MultipleAlignment-class

R Documentation

MultipleAlignment objects

Description

The MultipleAlignment class is a container for storing multiple sequence alignments.

Usage

## Constructors:
DNAMultipleAlignment(x=character(), start=NA, end=NA, width=NA,
    use.names=TRUE, rowmask=NULL, colmask=NULL)
RNAMultipleAlignment(x=character(), start=NA, end=NA, width=NA,
    use.names=TRUE, rowmask=NULL, colmask=NULL)
AAMultipleAlignment(x=character(), start=NA, end=NA, width=NA,
    use.names=TRUE, rowmask=NULL, colmask=NULL)

## Read functions:
readDNAMultipleAlignment(filepath, format)
readRNAMultipleAlignment(filepath, format)
readAAMultipleAlignment(filepath, format)

## Write funtions:
write.phylip(x, filepath)

## ... and more (see below)

Arguments

`x`	Either a character vector (with no NAs), or an XString, XStringSet or XStringViews object containing strings with the same number of characters. If writing out a Phylip file, then x would be a MultipleAlignment object
`start`, `end`, `width`	Either `NA`, a single integer, or an integer vector of the same length as `x` specifying how `x` should be "narrowed" (see `?narrow` in the IRanges package for the details).
`use.names`	`TRUE` or `FALSE`. Should names be preserved?
`filepath`	A character vector (of arbitrary length when reading, of length 1 when writing) containing the paths to the files to read or write. Note that special values like `""` or `"\|cmd"` (typically supported by other I/O functions in R) are not supported here. Also `filepath` cannot be a connection.
`format`	Either `"fasta"` (the default), `"stockholm"`, `"phylip"`, or `"clustal"`.
`rowmask`	a NormalIRanges object that will set masking for rows
`colmask`	a NormalIRanges object that will set masking for columns

Details

The MultipleAlignment class is designed to hold and represent multiple sequence alignments. The rows and columns within an alignment can be masked for ad hoc analyses.

Accessor methods

In the code snippets below, x is a MultipleAlignment object.

unmasked(x):

The underlying XStringSet object containing the multiple sequence alignment.

rownames(x):

NULL or a character vector of the same length as x containing a short user-provided description or comment for each sequence in x.

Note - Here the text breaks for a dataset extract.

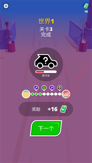 4、關(guān)卡完成后,點(diǎn)擊下一個(gè)進(jìn)入后續(xù)關(guān)卡,繼續(xù)挑戰(zhàn)。

rowmask(x), rowmask(x, append, invert) <- value:

Gets and sets the NormalIRanges object representing the masked rows in x. The append argument takes union, replace or intersect to indicate how to combine the new value with rowmask(x). The invert argument takes a logical argument to indicate whether or not to invert the new mask. The value argument can be of any class that is coercible to a NormalIRanges via the as function.

colmask(x), colmask(x, append, invert) <- value:

Gets and sets the NormalIRanges object representing the masked columns in x. The append argument takes union, replace or intersect to indicate how to combine the new value with colmask(x). The invert argument takes a logical argument to indicate whether or not to invert the new mask. The value argument can be of any class that is coercible to a NormalIRanges via the as function.

maskMotif(x, motif, min.block.width=1, ...):

Returns a MultipleAlignment object with a modified column mask based upon motifs found in the consensus string where the consensus string keeps all the columns but drops the masked rows.

motif: The motif to mask.
min.block.width: The minimum width of the blocks to mask.
...: Additional arguments for matchPattern.

maskGaps(x, min.fraction, min.block.width):

Returns a MultipleAlignment object with a modified column mask based upon gaps in the columns. In particular, this mask is defined by min.block.width or more consecutive columns that have min.fraction or more of their non-masked rows containing gap codes.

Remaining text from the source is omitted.